I’m not alone in feeling bleary from this Lost Year. Mostly, I feel like I’ve been abducted from my real life, by aliens, or an evil overlord, and am living out my days on a stage. It’s kind of like the movie “The Truman Show” but no one is running the show and there’s no audience. My bubble includes my four roommates (the husband and kids) and the nanny, so there’s never even a chance that a side-character could wildly nudge me and send me down a quirky path. I am a one-dimensional character in a Netflix original series with only one season.
When I think back on this year through various lenses and stages, much like the stages of grief, my year in quarantine has had distinct periods through which my muddled brain processes this new life.
Spending all of my quality time with the small screen, I now identify time periods by what show I was currently binge watching.
Ohhhh, that was when I was watching “Succession” and I hadn’t figured out how to get regular food deliveries.
The “Tiger King” really made me feel a connection during lockdown. Fun fact, I also thought it was a mockumentary for two shows!
Righhhhht! My Tudor era costume dramas (still on-going). That was when I was trying to pull off a magical Christmas when I couldn’t take the kids anywhere or see anyone and my strongest connection was with the Amazon Prime delivery person.
Here’s a dark shift: I’m in a cave. I see only the shadows of real life. Am I really living?
I’m safe in my cave. A Cave Bear Mama, roaring at anyone who tries to cross the threshold. But, I am claustrophobic hence the squeezing sensation in my chest.
There’s the Zoom School lens. Much of my life is live-streaming, thanks to the accursed Zoom (sounds like “Zuul”, the god of destruction, and I think that’s fitting.) In that element, I enjoy the little things where I can, like running the vacuum cleaner during reading time. And I really savor when I can catch the teaching losing her mind, trying to virtually control the attention span of second graders.
There’s the lens of “Which teacher was I most pissed off at?”
Mmmm-hmmmmm, “The Cheerleader”.
Yup. That was when I yanked my kid out of preschool because it consisted solely of youTube videos and complicated craft projects that required 60 minutes of prep time to net 5 minutes of my child using a glue stick.
There have been victories, though. I haven’t completely wasted my time.
The youngest is out of pullups!
The middle one learned to ride a bike without training wheels! (Of course, then the bike broke and I’m too nervous to take it to the bike shop.)
Our eldest was accepted into a private school that celebrates his special abilities and he’s getting A’s!
I very-nearly, not-quite-but-almost have IHSS provider benefits for the kids! It’s only been 5 months since I began the process, so, half-way there?

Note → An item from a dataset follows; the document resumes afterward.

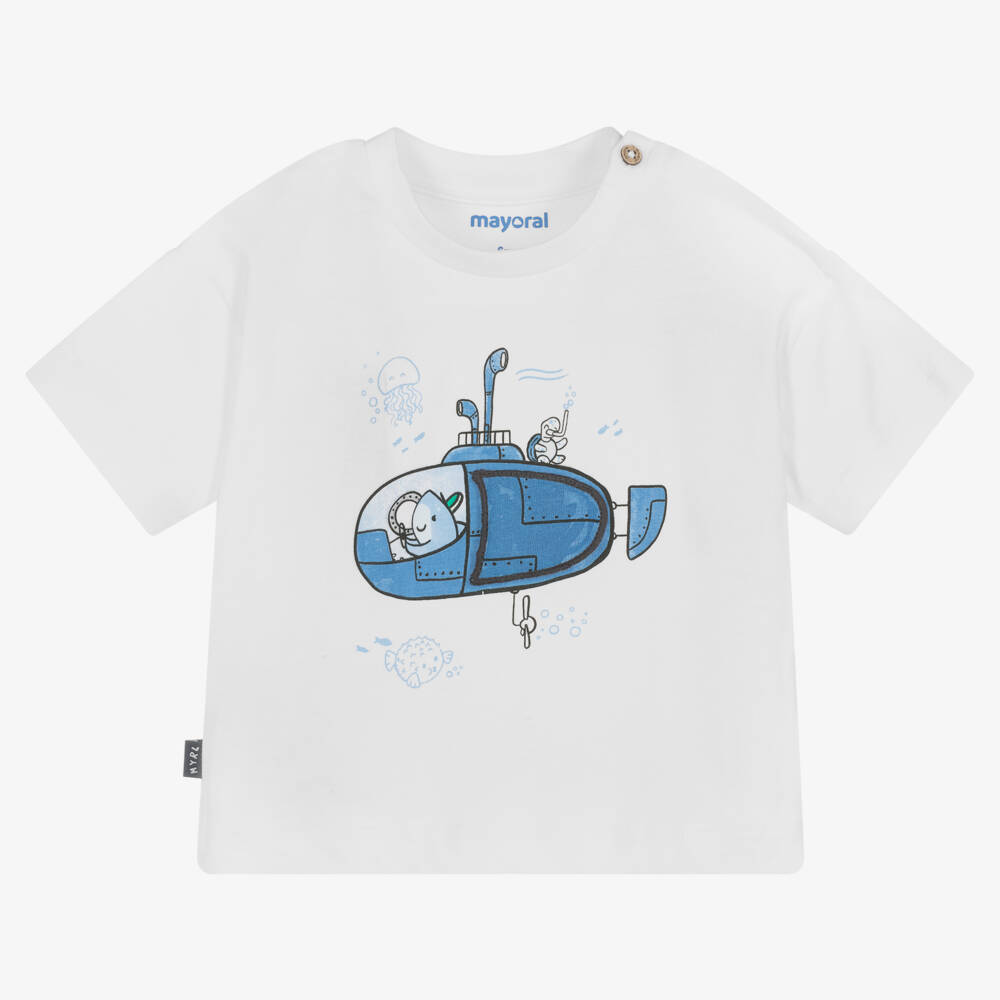 White cotton T-shirt for little boys by Mayoral. It has a blue submarine printed on the front with a lift-up door showing all the animal passengers inside. Ideal for all-day relaxing, it is made in comfortable jersey and has a button with easy-to-use poppers on one shoulder.

Some unique skills that I’ve not mastered, but definitely am pulling off with some level of competency include:
Giving a boy’s/men’s hair cut times 4! I cannot give myself a haircut. I had to learn that one the hard way. But, I can dye it many pretty My Little Pony colors with minimal damage to the grout in my shower.
I have used up a vast supply of my wrapping and craft supplies. Thank you, compulsive Cyn, for buying all of those discounted birthday cards at Marshalls!
I am feeling very hydrated by all of the free skin care samples I’ve been accumulating over the years.
I have rediscovered that I enjoy hiking! And you better believe I have been getting myself to the beach more. All those positive ions. Ommmmmmmmm!
I honor all of these accomplishments.
My biggest win of the year has been writing here. I had re-established my writing habit with the revival of this blog last February. I moaned that while I was supposed to have all of this spare time for writing but then I became a “learning coach” for my three virtual students. I have managed to eek out some words here and there. It’s not the first draft of a novel, it’s not poetry that I would show anyone, but these are words and ideas and I have rattled them from my brain and thrust them outwards to you, dear reader.
What continues to be a horror show does include some gratitude, a hard thing to acknowledge at the best of times. Our lives still rocket and spiral in far too many directions. I hope that much of what was valued and deemed essential in the past 20 years will fade and be replaced by smaller movements that honor life and the merit in each day. And I hope I come to the page with more regularity. Because writing is healthy for me and Zuul knows I need some balance.